Awelon is a Turing complete, purely functional language based on concatenative combinators with confluent rewrite rules. Awelon uses four primitive combinators:

    [B][A]a == A[B]         (apply)
    [B][A]b == [[B]A]       (bind)
       [A]c == [A][A]       (copy)
       [A]d ==              (drop)

Awelon additionally has limited support for data - natural numbers, embedded texts, and large binaries. Beyond these few primitives, programmers may define words in a dictionary. Evaluation proceeds by rewriting according to primitive combinators and lazily rewriting words to their definitions when doing so permits further progress. Hence, the result of evaluation is an Awelon program equivalent to the input.

Those [] square brackets represent first-class functions and contain Awelon code. Values in Awelon are always formally first-class functions, frequently using Church encodings or Scott encodings. However, effective Awelon compilers or interpreters should recognize and optimize common functions and value types. This is a concept of software Accleration to support efficient use of CPU and memory, extending the set of language performance primitives relative to a reference implementation. Acceleration for collections-oriented operations, such as matrix multiplication and linear algebra, can feasibly leverage SIMD instructions or GPGPU.

A runtime will also recognize a set of Annotations, represented by parenthetical words. For example, [A](par) might request parallel evaluation for the expression A, or [F](accel) might indicate that F should be recognized and accelerated. Annotations have identity semantics. Ignoring them won't affect observations within the program. However, external observers will be affected. Annotations serve roles in debugging and guiding performance.

By itself, Awelon is a simplistic language - a purely functional assembly.

Being purely functional, all data must be represented within the Awelon program. Hence, the Awelon dictionary doubles as a database or smart filesystem, and is designed for easy update, sharing, and integration. The intention is to leverage projectional editing tools to render Awelon programs and data with a rich structural or graphical syntax. Because Awelon evaluates by rewriting, projections designed for source code can generally also render evaluated results or intermediate states. Hence, computations may be viewed as self-rewriting user interfaces. The purpose of Awelon language is to use this idea to develop new application and data models that are accessible, sharable, and composable by end users.

Note: I'm contemplating a few variations of Awelon. See Immutable Awelon and Awelon with Modules.

Words

Words are the user-definable unit for Awelon code. Syntactically, a user-definable word has regex [a-z][a-z0-9-]*. That is, a word consists of lower case alphanumerics and hyphens, and starts with an alpha.

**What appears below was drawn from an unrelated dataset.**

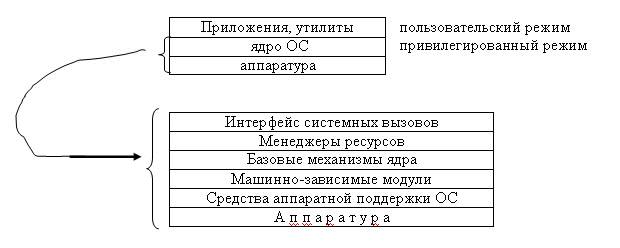 Вычислительную систему, работающую под управлением ОС на основе ядра, можно рассматривать как систему, из трех иерархически расположенных слоев: нижний слой образует аппаратура, промежуточный - ядро, а утилиты составляют верхний слой.
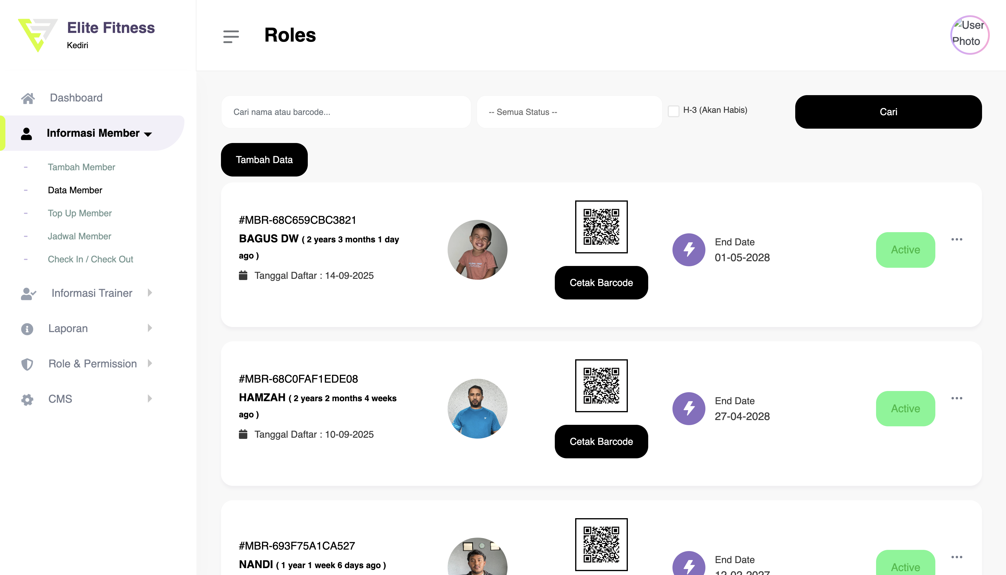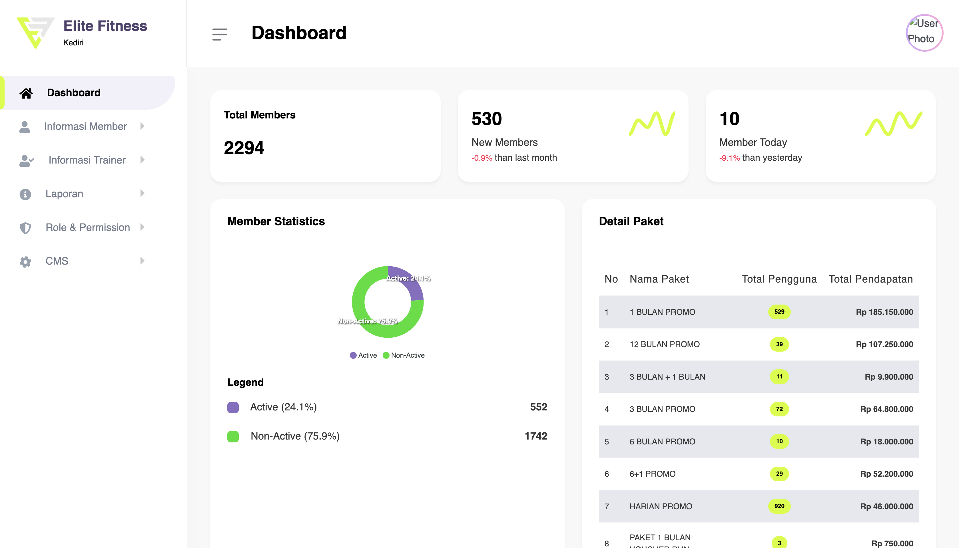Platform manajemen gym berbasis web untuk mengelola member, paket latihan, jadwal kelas, absensi, dan transaksi pembayaran dalam satu sistem terpusat. Sistem mendukung multi-role user (admin, trainer, member), validasi keanggotaan otomatis, serta laporan kehadiran dan pendapatan yang memudahkan pengambilan keputusan bisnis.

The formal meaning of a word is a trivial rewriting to its definition, a function encoded in Awelon. Definitions must have acyclic dependencies (see Loops), must be block-balanced (no unmatched [ or ]), and may have further restrictions based on static analysis. In addition to formal semantics, words may have informal connotations in context of a system or environment. For example, foo-meta-doc may define documentation associated implicitly with foo.

Natural Numbers

Awelon has limited support for natural numbers. Syntactically, natural numbers are represented by regex 0 | [1-9][0-9]* wherever a word may appear. Semantically, natural numbers are Awelon words with an automatic definition.

    0 = [zero]
    1 = [0 succ]
    2 = [1 succ]
    42 = [41 succ]

Definition of succ and zero - and hence our model for natural numbers - is in theory left to our developers. For example, we could select between a recursive sum encoding (type Nat = μN.(1+N) where type (A+B) = ∀r.(A→r)→(B→r)→r) or a Church encoding (type Nat = ∀x.(x→x)→x→x). In practice, runtime support for Acceleration determines which model will be favored. For more sophisticated number types, it's feasible to build a tower of numbers via Editable Views.

Note: I've frequently considered a hard-coded interpretation, e.g. the Church encoding N = [(c a)^N d], to guarantee stable meaning across all Awelon dictionaries. But this hardly seems worthwhile in context of the many other data types we will build above natural numbers.

Embedded Texts

Awelon has limited support for embedding texts inline between double quotes such as "Hello, world!". Semantically, embedded texts are special words defined automatically by template:

    "" = [null]
    "hello" = [104 "ello" cons]

That is, texts are simply an ASCII-encoded list of bytes. Like natural numbers, null and cons must be defined in the dictionary, and Acceleration determines the de-facto standard.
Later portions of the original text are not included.